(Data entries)
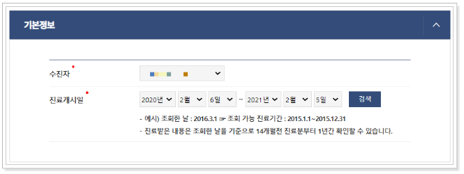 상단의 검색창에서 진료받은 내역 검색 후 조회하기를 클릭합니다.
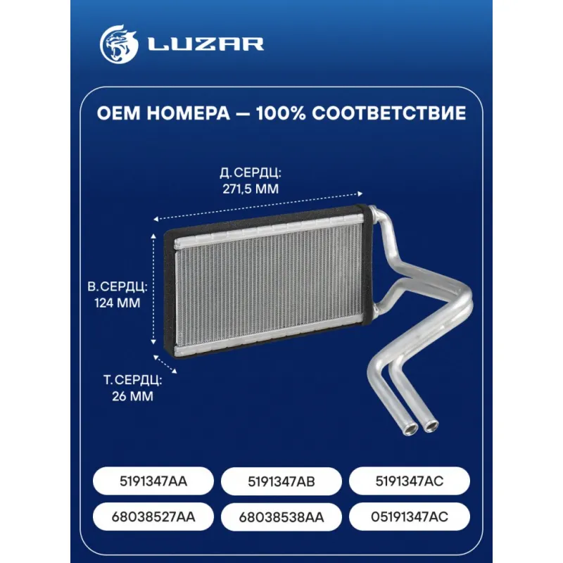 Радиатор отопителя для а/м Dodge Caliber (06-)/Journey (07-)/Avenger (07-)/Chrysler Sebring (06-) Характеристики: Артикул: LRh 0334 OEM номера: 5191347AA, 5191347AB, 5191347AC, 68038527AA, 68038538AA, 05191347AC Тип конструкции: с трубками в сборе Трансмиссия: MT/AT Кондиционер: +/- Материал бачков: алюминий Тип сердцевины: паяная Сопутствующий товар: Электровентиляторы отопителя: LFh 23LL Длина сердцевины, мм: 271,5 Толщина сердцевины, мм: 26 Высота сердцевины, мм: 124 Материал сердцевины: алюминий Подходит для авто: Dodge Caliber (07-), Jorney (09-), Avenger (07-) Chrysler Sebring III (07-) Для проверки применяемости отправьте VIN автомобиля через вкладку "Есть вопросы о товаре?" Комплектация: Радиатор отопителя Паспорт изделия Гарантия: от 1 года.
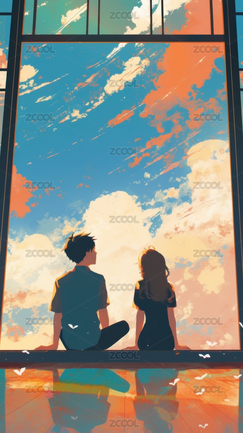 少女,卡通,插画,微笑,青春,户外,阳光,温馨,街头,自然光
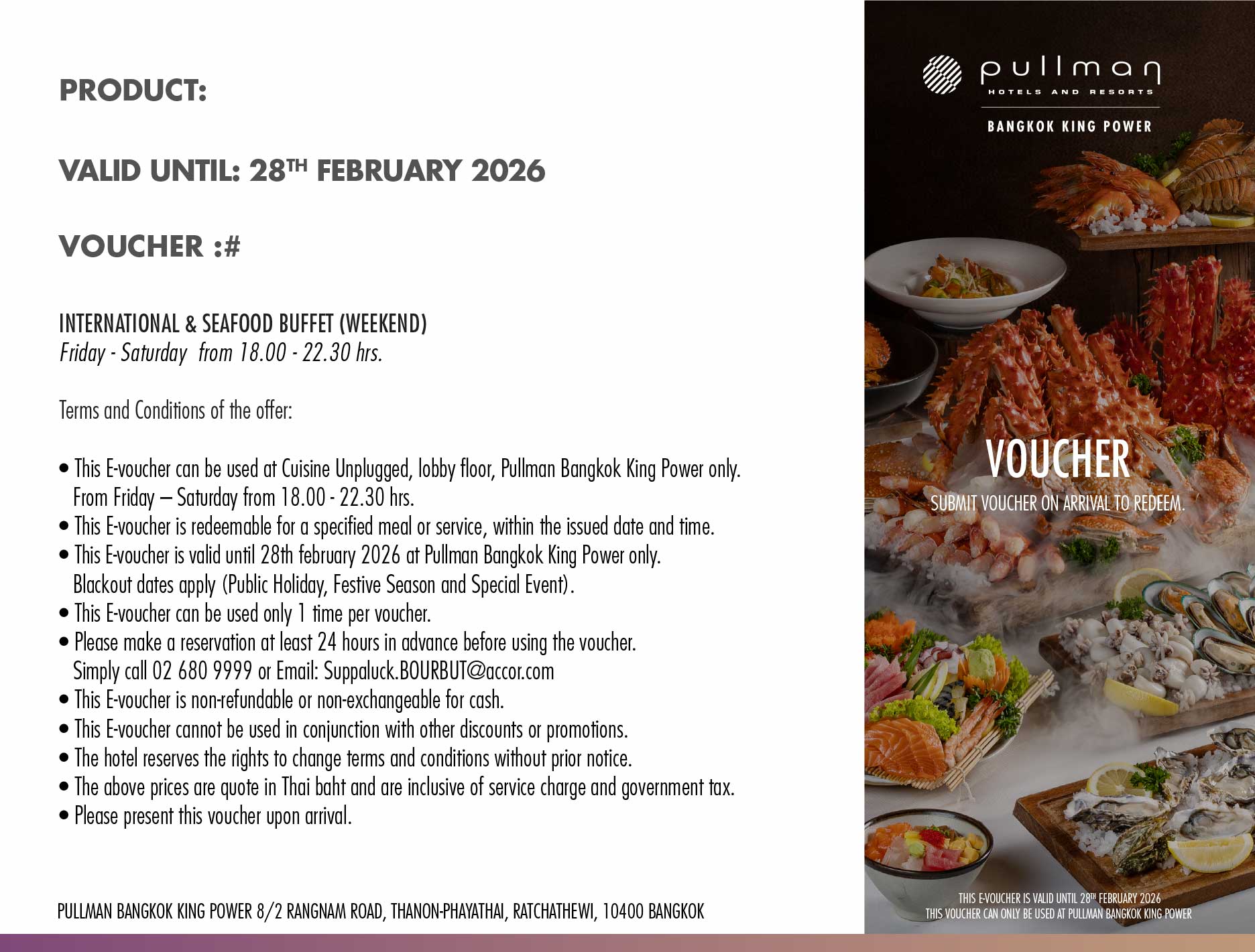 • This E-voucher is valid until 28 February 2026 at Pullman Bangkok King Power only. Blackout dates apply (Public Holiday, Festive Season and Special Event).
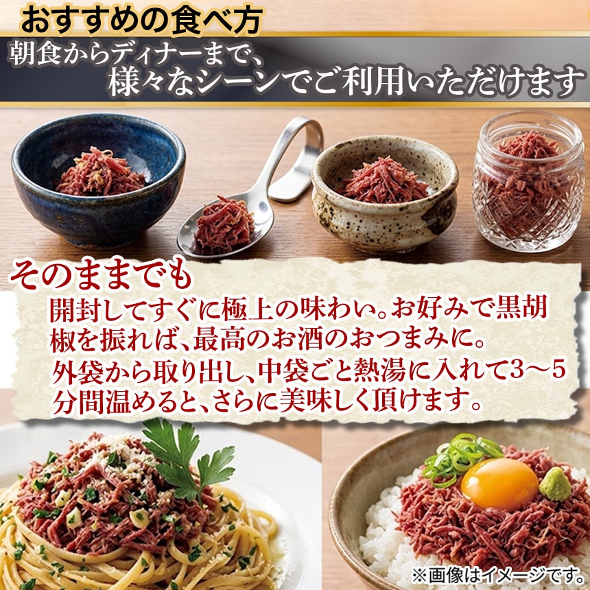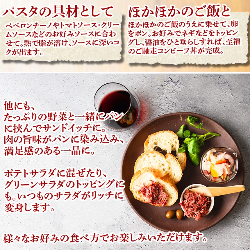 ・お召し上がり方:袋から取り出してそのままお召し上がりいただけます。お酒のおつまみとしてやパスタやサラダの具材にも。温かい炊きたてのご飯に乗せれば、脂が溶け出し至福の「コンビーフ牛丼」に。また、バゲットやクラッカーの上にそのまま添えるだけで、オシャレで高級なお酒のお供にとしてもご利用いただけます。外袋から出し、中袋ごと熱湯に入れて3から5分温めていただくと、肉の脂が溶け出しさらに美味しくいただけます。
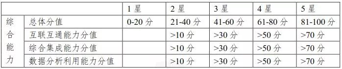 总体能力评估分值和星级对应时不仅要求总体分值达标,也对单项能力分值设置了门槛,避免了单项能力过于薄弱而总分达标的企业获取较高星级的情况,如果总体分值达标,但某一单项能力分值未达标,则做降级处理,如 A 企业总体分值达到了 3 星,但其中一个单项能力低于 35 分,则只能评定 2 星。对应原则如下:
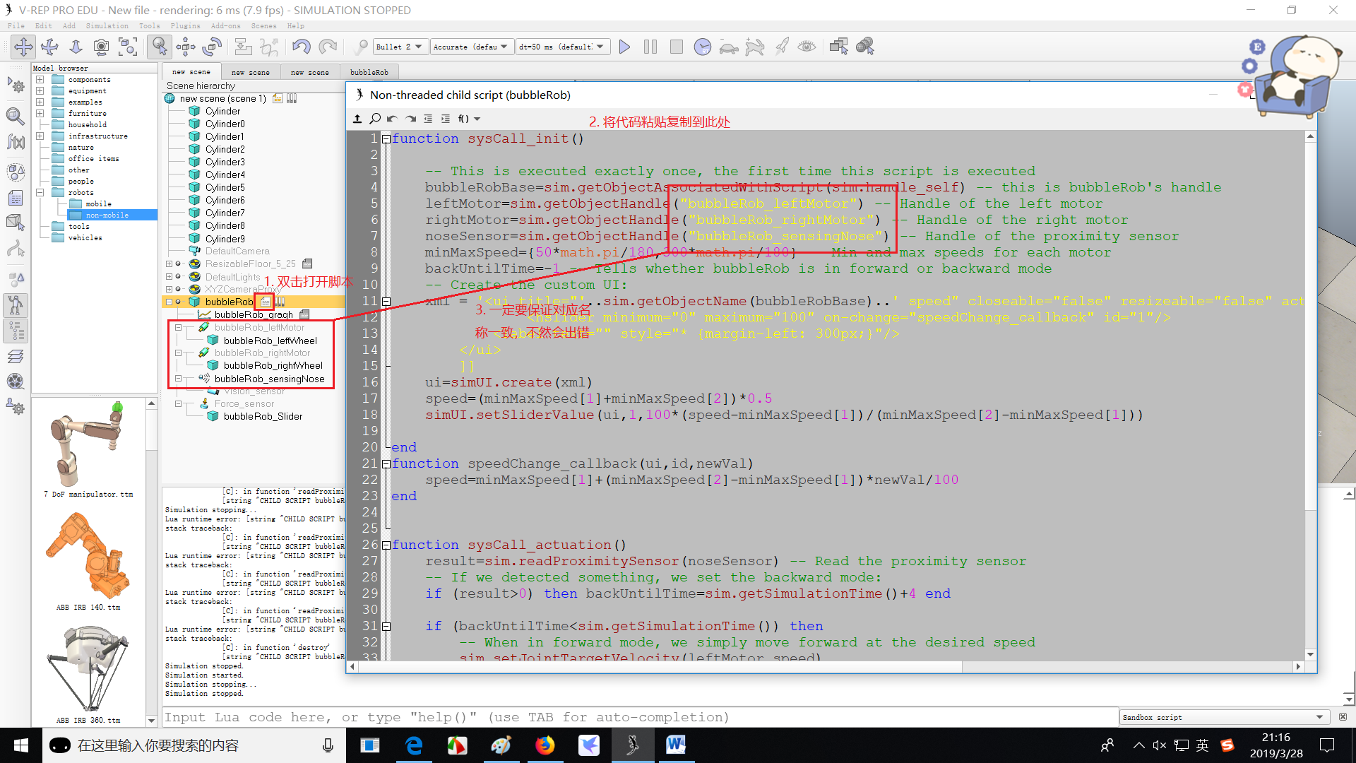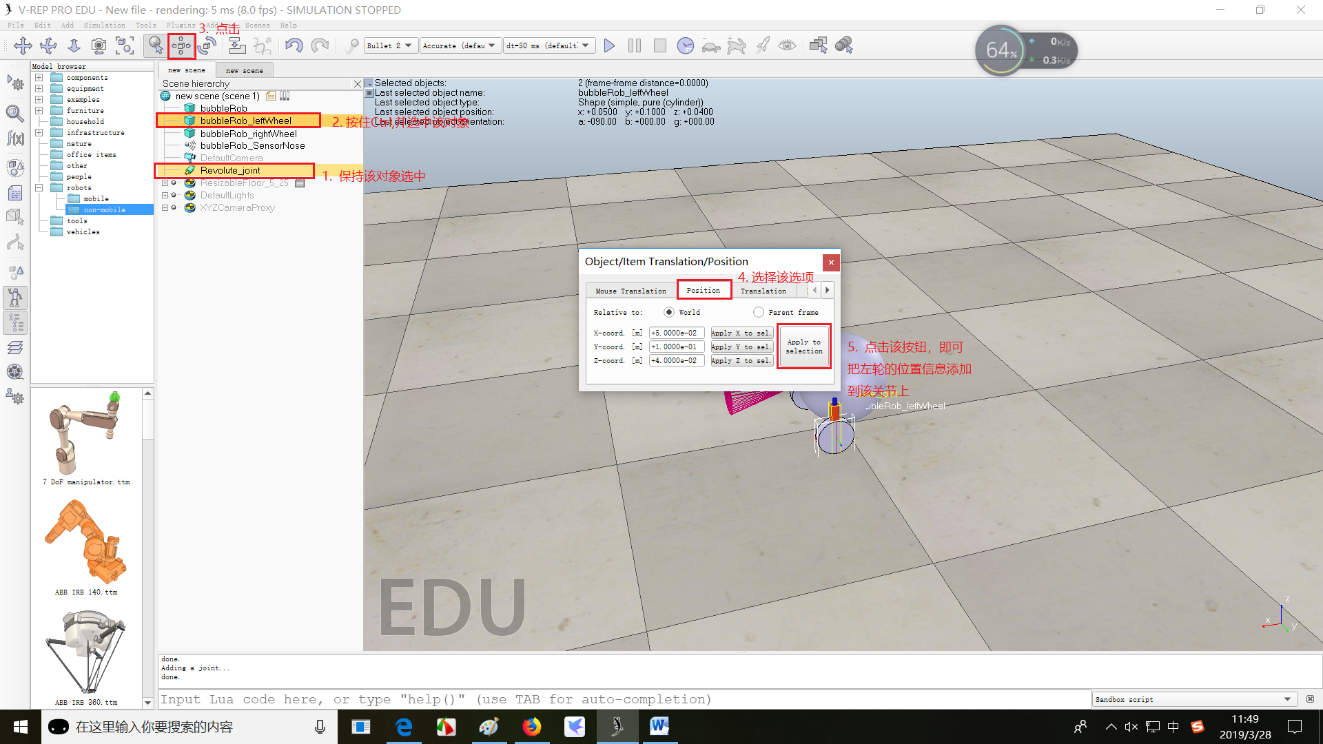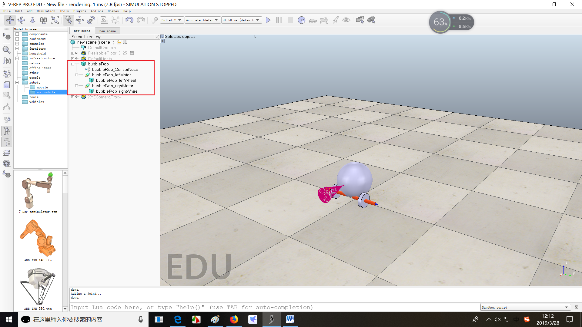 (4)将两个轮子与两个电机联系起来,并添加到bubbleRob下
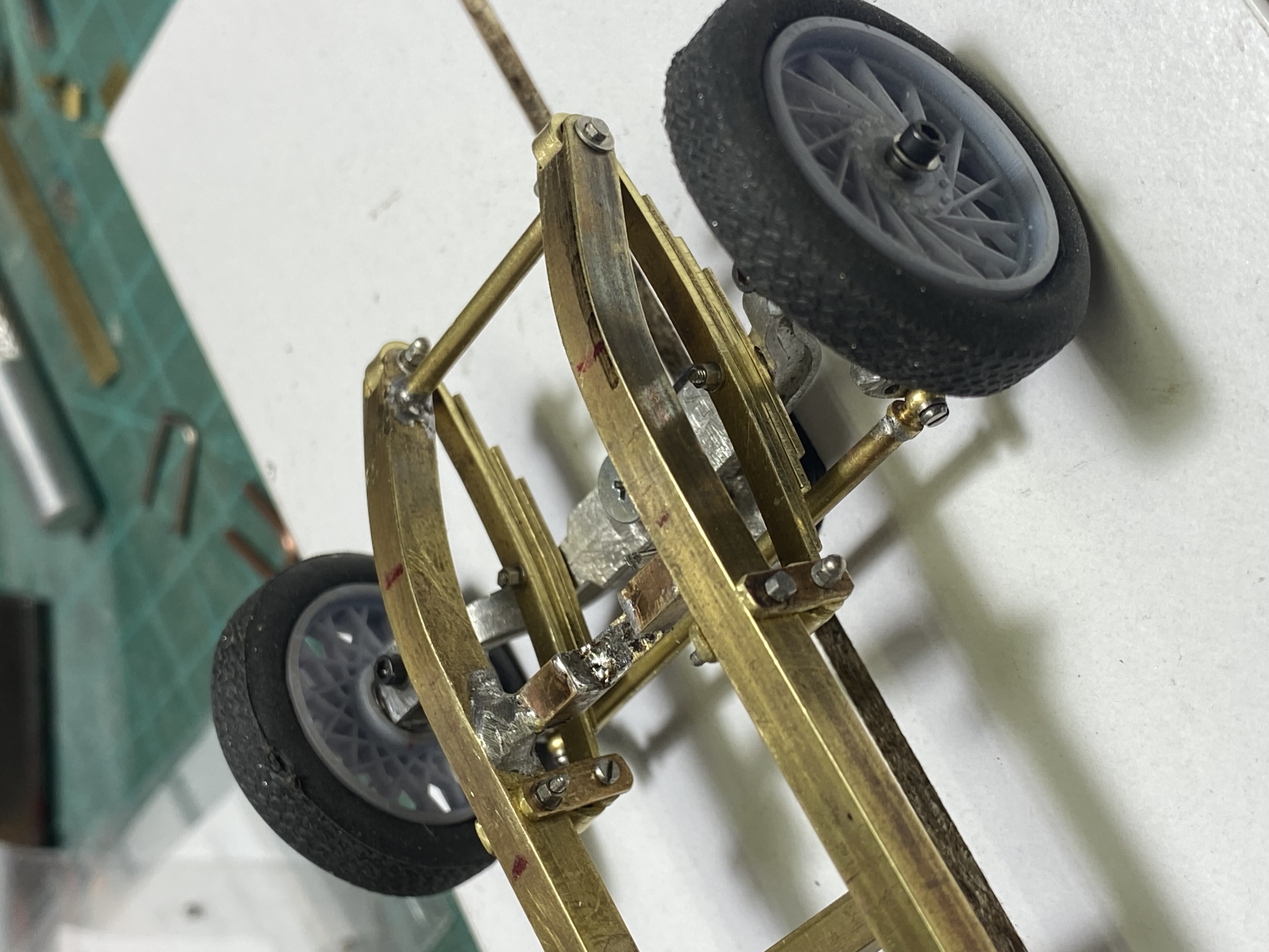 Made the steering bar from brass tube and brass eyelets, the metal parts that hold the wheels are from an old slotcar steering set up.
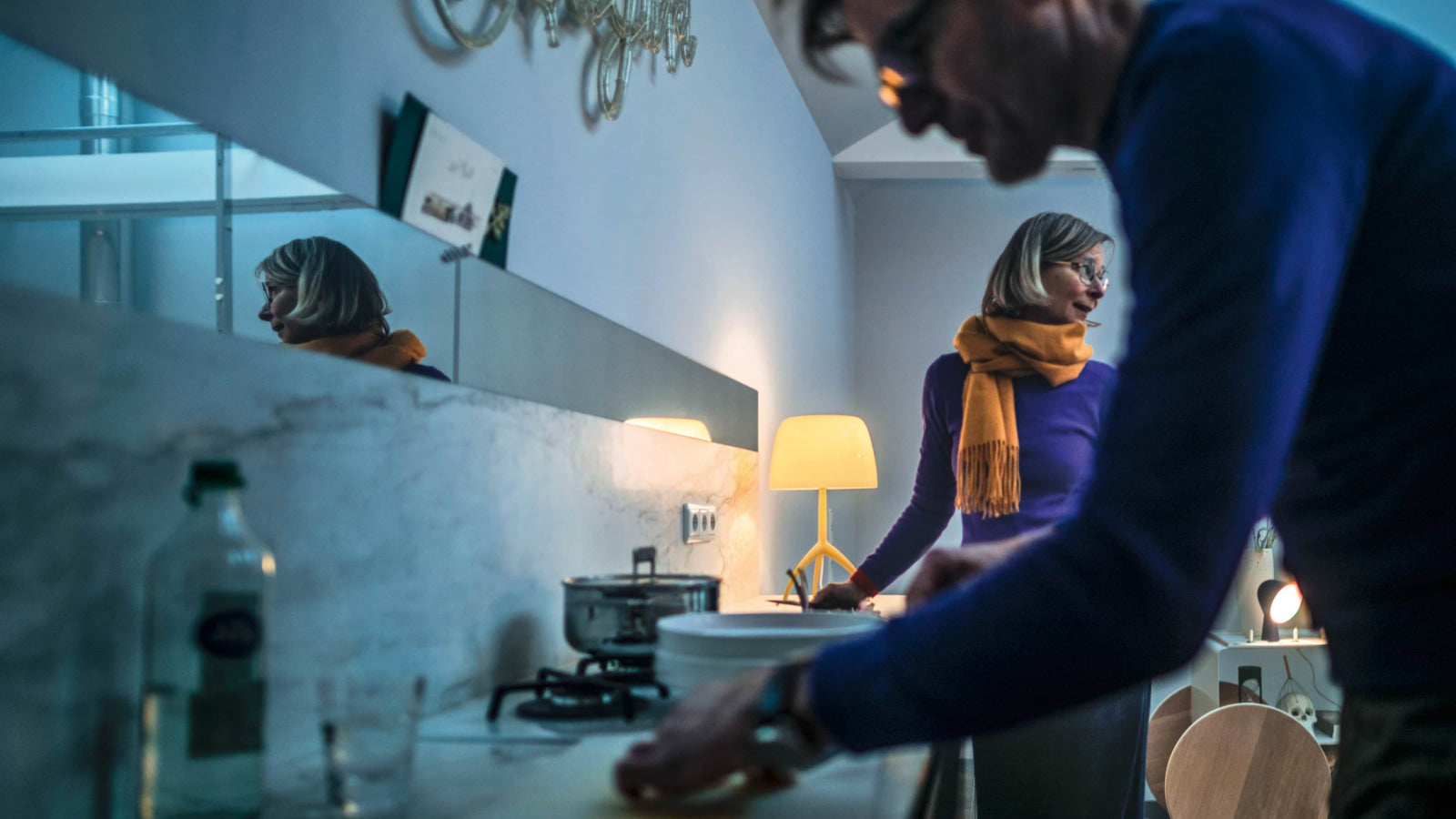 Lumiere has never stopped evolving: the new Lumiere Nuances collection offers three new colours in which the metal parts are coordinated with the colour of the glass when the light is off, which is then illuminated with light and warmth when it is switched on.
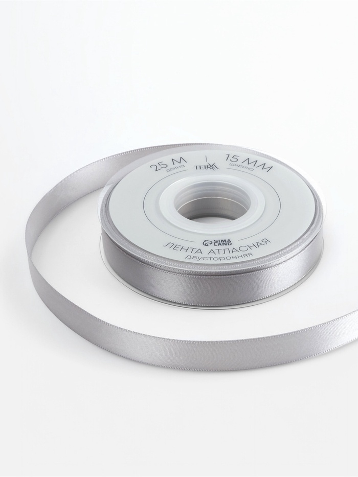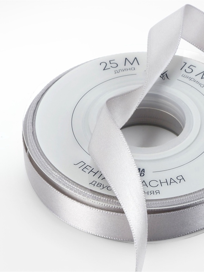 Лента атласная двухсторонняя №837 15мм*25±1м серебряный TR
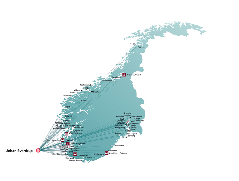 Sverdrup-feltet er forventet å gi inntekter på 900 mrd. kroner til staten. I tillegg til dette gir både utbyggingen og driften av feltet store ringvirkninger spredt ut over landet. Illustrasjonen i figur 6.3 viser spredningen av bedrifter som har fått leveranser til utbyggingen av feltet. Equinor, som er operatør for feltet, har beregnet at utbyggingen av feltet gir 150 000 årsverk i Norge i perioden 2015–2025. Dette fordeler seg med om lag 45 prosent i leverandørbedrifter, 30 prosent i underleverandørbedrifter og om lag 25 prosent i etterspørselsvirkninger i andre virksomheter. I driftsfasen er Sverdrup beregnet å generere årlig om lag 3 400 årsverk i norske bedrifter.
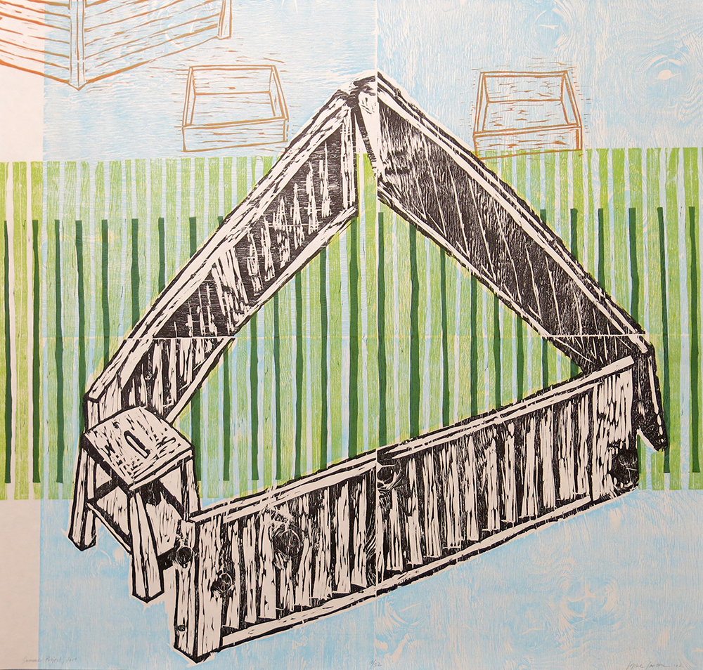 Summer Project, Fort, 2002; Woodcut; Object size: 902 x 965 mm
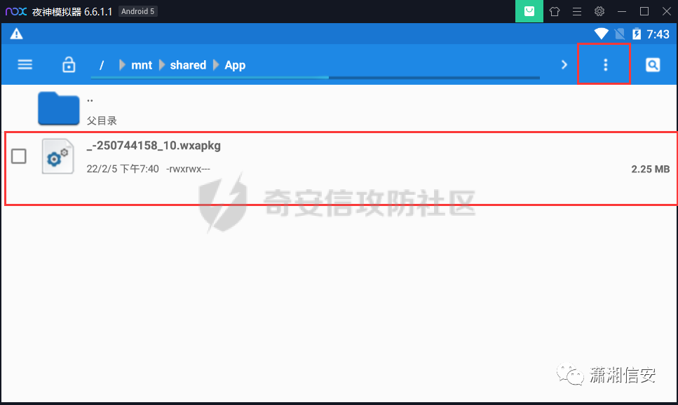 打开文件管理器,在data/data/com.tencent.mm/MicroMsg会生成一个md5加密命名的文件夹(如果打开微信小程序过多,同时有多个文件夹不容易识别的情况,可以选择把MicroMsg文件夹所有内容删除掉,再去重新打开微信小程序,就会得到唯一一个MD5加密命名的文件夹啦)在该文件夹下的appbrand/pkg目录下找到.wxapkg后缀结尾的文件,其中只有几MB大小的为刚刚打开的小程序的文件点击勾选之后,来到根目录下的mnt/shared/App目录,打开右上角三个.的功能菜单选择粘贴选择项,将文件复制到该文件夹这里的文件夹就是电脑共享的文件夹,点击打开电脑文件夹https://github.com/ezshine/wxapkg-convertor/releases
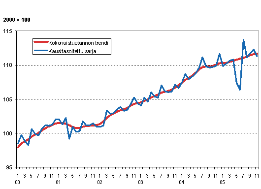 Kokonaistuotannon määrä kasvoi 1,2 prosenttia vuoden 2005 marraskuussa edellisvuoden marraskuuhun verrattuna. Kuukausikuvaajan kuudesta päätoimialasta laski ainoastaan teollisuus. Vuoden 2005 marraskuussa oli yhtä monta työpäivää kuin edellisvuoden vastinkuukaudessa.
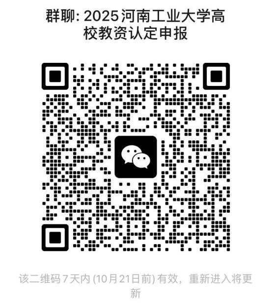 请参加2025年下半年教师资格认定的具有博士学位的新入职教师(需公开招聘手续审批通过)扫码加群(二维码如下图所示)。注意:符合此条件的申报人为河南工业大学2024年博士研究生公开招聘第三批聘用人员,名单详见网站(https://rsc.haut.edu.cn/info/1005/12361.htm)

[TASK DESCRIPTION]: Your task is to reproduce the entries above word for word, from the first line through the line with "Made the steering", and please leave out any pictures.

[RESPONSE]:
 상단의 검색창에서 진료받은 내역 검색 후 조회하기를 클릭합니다.
 Радиатор отопителя для а/м Dodge Caliber (06-)/Journey (07-)/Avenger (07-)/Chrysler Sebring (06-) Характеристики: Артикул: LRh 0334 OEM номера: 5191347AA, 5191347AB, 5191347AC, 68038527AA, 68038538AA, 05191347AC Тип конструкции: с трубками в сборе Трансмиссия: MT/AT Кондиционер: +/- Материал бачков: алюминий Тип сердцевины: паяная Сопутствующий товар: Электровентиляторы отопителя: LFh 23LL Длина сердцевины, мм: 271,5 Толщина сердцевины, мм: 26 Высота сердцевины, мм: 124 Материал сердцевины: алюминий Подходит для авто: Dodge Caliber (07-), Jorney (09-), Avenger (07-) Chrysler Sebring III (07-) Для проверки применяемости отправьте VIN автомобиля через вкладку "Есть вопросы о товаре?" Комплектация: Радиатор отопителя Паспорт изделия Гарантия: от 1 года.
 少女,卡通,插画,微笑,青春,户外,阳光,温馨,街头,自然光
 • This E-voucher is valid until 28 February 2026 at Pullman Bangkok King Power only. Blackout dates apply (Public Holiday, Festive Season and Special Event).
 ・お召し上がり方:袋から取り出してそのままお召し上がりいただけます。お酒のおつまみとしてやパスタやサラダの具材にも。温かい炊きたてのご飯に乗せれば、脂が溶け出し至福の「コンビーフ牛丼」に。また、バゲットやクラッカーの上にそのまま添えるだけで、オシャレで高級なお酒のお供にとしてもご利用いただけます。外袋から出し、中袋ごと熱湯に入れて3から5分温めていただくと、肉の脂が溶け出しさらに美味しくいただけます。
 总体能力评估分值和星级对应时不仅要求总体分值达标,也对单项能力分值设置了门槛,避免了单项能力过于薄弱而总分达标的企业获取较高星级的情况,如果总体分值达标,但某一单项能力分值未达标,则做降级处理,如 A 企业总体分值达到了 3 星,但其中一个单项能力低于 35 分,则只能评定 2 星。对应原则如下:
 (4)将两个轮子与两个电机联系起来,并添加到bubbleRob下
 Made the steering bar from brass tube and brass eyelets, the metal parts that hold the wheels are from an old slotcar steering set up.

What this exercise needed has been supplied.